Love is work. The more you love something, the harder you work at it. This is true in the traditional sense of love...with family, spouses, friends...but it's the case with your hobbies, too. The fisherman who gets up at 4am on a Saturday because that's when the fish are bitin'. The marathon runner who cross-trains and lifts weights and does sprint intervals to build the muscles needed for the long haul. The writer who produces hundreds of pages of bullshit just to get to that one page of actually decent writing. The greater the love, the harder the work.
Most RPG fans know this. The hours spent reading these books and learning these rules counts to many as work. But there's other work to be done, too, work that I often hate to do but is very necessary. See, there's theory, and there's practice. Theory is reading the RPG and getting the rules down. We're all familiar with theory. Theory is the part of RPG work that we accept and understand.

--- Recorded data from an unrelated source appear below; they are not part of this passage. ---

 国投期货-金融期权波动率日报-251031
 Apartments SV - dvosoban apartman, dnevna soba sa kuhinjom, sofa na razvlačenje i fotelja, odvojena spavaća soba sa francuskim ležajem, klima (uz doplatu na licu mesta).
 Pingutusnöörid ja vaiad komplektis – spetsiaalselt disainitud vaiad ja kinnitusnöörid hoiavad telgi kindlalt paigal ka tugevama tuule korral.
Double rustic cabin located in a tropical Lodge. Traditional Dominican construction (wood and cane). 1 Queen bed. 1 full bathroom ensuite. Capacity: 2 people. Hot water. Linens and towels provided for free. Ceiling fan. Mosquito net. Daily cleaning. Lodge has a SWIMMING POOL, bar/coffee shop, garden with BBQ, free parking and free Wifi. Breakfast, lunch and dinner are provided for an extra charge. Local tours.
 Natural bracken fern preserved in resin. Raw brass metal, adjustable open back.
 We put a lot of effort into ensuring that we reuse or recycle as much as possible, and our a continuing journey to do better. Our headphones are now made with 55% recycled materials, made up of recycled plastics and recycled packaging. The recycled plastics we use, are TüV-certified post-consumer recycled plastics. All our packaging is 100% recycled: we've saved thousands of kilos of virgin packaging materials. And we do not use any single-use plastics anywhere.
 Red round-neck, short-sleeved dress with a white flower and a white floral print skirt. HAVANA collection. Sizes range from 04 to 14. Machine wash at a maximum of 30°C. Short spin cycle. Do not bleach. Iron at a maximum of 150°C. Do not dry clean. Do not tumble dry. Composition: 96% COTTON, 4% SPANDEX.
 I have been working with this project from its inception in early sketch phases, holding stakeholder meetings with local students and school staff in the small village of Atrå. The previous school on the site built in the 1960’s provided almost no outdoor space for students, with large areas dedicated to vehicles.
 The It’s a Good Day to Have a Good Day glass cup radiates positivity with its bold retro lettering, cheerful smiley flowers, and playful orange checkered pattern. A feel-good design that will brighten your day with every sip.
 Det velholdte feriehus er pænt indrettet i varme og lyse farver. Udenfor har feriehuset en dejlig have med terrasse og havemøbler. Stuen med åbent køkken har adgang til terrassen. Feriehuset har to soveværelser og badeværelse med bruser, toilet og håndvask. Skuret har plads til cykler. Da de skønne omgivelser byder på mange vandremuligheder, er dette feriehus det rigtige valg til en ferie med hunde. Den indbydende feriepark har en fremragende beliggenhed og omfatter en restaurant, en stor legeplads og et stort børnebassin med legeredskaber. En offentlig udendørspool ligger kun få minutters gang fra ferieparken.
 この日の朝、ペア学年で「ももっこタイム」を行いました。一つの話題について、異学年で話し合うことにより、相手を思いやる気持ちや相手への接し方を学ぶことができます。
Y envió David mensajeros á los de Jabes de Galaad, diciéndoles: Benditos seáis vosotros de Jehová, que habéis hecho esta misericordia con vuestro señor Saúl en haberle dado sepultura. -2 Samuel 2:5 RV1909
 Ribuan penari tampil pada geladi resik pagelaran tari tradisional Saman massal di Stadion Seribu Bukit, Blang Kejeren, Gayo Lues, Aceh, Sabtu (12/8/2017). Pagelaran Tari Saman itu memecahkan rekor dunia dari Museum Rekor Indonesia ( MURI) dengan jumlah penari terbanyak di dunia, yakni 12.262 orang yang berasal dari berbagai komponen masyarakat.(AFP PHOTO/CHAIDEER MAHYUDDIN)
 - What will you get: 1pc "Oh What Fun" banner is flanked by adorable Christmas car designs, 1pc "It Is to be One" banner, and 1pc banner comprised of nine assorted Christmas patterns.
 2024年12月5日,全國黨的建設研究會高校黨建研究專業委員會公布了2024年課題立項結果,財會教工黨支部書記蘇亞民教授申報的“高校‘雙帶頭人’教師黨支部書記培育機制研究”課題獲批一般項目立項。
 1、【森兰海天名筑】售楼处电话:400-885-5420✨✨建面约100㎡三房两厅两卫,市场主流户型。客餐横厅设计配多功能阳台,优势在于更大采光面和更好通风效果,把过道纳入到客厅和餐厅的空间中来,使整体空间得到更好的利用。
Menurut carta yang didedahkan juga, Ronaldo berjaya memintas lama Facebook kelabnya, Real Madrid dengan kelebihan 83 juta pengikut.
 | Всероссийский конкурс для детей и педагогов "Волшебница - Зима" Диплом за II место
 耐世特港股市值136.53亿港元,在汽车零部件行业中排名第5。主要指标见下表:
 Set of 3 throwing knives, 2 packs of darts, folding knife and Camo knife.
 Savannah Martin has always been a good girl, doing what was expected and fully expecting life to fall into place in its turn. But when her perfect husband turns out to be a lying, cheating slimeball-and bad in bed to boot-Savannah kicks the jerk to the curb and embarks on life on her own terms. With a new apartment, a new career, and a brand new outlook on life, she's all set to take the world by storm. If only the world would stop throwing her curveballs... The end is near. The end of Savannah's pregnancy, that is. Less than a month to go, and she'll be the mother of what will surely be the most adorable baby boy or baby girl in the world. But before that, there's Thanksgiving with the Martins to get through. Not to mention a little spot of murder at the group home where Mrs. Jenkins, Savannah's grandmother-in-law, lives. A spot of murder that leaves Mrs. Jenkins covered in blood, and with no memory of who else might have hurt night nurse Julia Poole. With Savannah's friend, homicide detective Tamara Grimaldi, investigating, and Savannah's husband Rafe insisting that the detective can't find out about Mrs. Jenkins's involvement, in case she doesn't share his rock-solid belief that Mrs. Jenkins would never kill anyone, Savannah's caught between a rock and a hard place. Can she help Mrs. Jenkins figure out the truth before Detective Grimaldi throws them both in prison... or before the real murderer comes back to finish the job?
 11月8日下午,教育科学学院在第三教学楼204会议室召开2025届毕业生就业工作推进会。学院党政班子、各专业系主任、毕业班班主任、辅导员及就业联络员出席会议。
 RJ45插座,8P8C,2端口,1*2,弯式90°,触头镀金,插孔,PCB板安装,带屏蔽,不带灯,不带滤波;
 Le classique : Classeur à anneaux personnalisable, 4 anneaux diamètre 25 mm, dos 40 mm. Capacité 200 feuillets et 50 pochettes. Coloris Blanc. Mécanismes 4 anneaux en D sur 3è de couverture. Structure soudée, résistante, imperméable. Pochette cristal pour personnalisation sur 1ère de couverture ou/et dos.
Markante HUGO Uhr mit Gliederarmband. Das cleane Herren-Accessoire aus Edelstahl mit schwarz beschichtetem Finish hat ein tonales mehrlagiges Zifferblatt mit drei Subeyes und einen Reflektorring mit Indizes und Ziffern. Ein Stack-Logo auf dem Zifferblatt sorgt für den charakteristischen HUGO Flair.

But then there's practice. Practice is getting to the table and playing...or trying to play...the game. Practice is much harder than theory. For one thing, everyone at the table needs to be willing to do it. Theory can be done alone, but you can't practice an RPG by yourself, at least not one that you intend to play with others. For another, practice requires discipline. You have to be willing to show up and do the work, or else the point of practice is lost. You can't just say "screw it" when things are difficult, write off the game, and play something else. You have to accept that in practice, a game can suck.
Getting good at an RPG like D&D...to the point where you're not looking up everything, where everyone knows what they're doing, to that point where the rules just fade away and you're there, interacting with this fantasy world as these fantastic heroes...that's a lofty goal. In all my years of role-playing, I've only reached it a couple of times. And to get there, it takes practice.
For years, the hobby has been trying to meet gamers halfway. Simpler games. Organized "beginner sets" that teach you how to play. Rules-lite RPGs that can be learned and played in an afternoon. GM-less RPGs that take the most demanding role right out of the game. That's all well and good, but like any other hobby, there is a point where you and your group simply have to get to the table and practice. No, it's not easy. Yes, sometimes it's boring and sucky. That's where having a good group becomes extremely important. For those times when the game isn't going well, you need to derive fun and well-being from your bond with the group. Yes, that's always the case to a degree, but typically the game can carry at least some of the load. In practice, though, there will be times where the game will carry none of the load.
This Sunday, I intend to play Shadowrun, Fifth Edition. This is a big game, more complex than most that I've brought to the table this past year. Worse still, I'm using a published adventure. This scenario has not gone well in the past (see my various posts about D&D), and it might not go well this Sunday. But, dammit, I'm going to do it! And I have faith that, even if the game falls apart and we spend half the time looking up rules and confused over what the hell is going on, that we're going to have a good time.